Eşitsizliğe yatırım
Spor, yapısı ve felsefesi gereği eşitliğe karşıdır. Onlarca sosyal ve ekonomik öğreti, fırsat eşitliğinden başlayarak daha adil bir dünya düzeni kurmak için birbirine taban tabana zıt politikalarla eşitliği sağlamaya çalışırken, spor başlangıçta sizin için oluşturduğu kurallarla bir nefeslik eşitlik sunduktan sonra sizi eşitsizliğe davet eder… Rekabet kavramı onun için vardır. Daha farklı, daha başarılı, daha zengin ve daha güçlü olma iddiasındaki takımlar, santradan hemen sonra kıran kırana eşitlik bozma yarışına girerler.

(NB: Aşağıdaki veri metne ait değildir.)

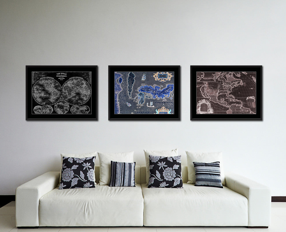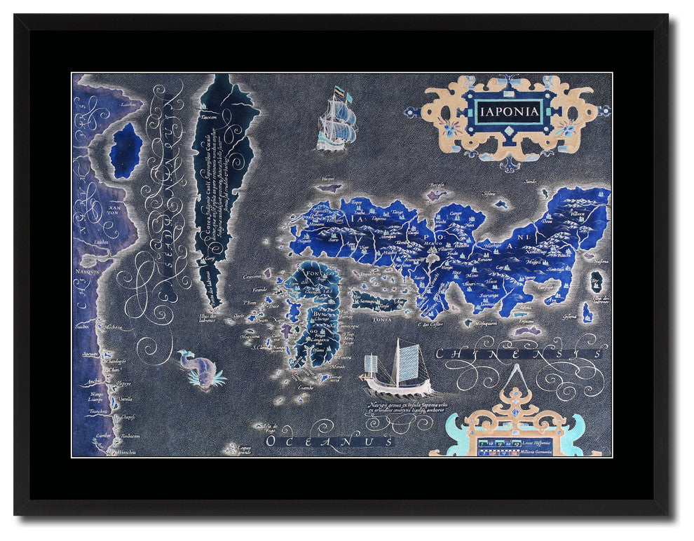 Japan Vintage Vivid Color Map Canvas, 28"x37"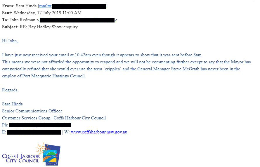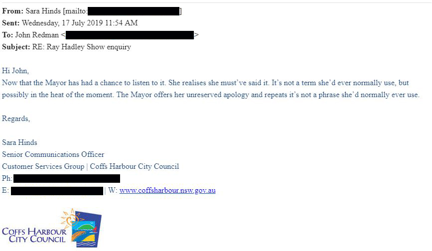But when The Ray Hadley Morning Show sent the mayor audio of her comments she backtracked an “unreserved apology”.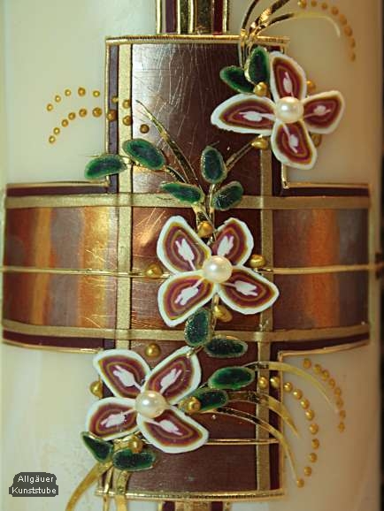 Plastisch modellierte Blüten und Ranken dekorieren diese Hochzeitskerze. Die Kerzenoberfläche ist rustikal veredelt. Jede Kerze wird von uns einzeln entworfen und handmodelliert, dadurch sind alle Kerzen Unikate.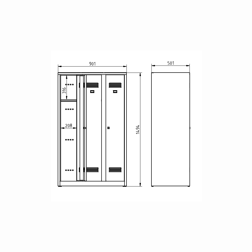 Szafa spawana, trzydrzwiowa, o wys. 1500 x szer. 900 x gł. 500 mm. Zamek bębenkowy lub kłódka, wyposażenie wnętrza każdej przegródki - półki, drążek na wieszaki i haczyk. Na zamówienie z nogami spawanymi - wysokość szafy z nogami 1650 mm. Kolor korpusu RAL 7035 jasnoszary.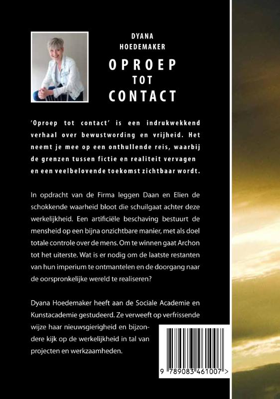 ‘Oproep tot contact’ is een indrukwekkend verhaal over bewustwording en vrijheid. Het neemt je mee op een onthullende reis, waarbij de grenzen tussen fictie en realiteit vervagen en een veelbelovende toekomst zichtbaar wordt. In opdracht van de Firma leggen Daan en Elien de schokkende waarheid bloot die schuilgaat achter deze werkelijkheid. Een artificiële beschaving bestuurt de mensheid op een bijna onzichtbare manier, met als doel totale controle over de mens. Om te winnen gaat Archon tot het uiterste. Wat is er nodig om de laatste restanten van hun imperium te ontmantelen en de doorgang naar de oorspronkelijke wereld te realiseren? Dyana Hoedemaker heeft aan de Sociale Academie en Kunstacademie gestudeerd. Ze verweeft op verfrissende wijze haar nieuwsgierigheid en bijzondere kijk op de werkelijkheid in tal van projecten en werkzaamheden. Haar drijfveer is het realiseren van positieve veranderingen en het stimuleren van bewustzijn.

Futbol ekonomisti dostumuz Tuğrul Akşar, 5 büyük endüstriyel ligle Süper Lig takımlarının bütçelerine, harcama limitlerine, personel ve oyuncu giderlerine bakarak dikkat çekici analizler yapıyor. Yeni kitabının adı, “Futbolda Eşitsizliğin Bedeli”. Kitabı tanıtırken farklı örneklere baktıktan sonra Türk futbolunda rekabet dengesinin her geçen yıl yıprandığını anlatıyor.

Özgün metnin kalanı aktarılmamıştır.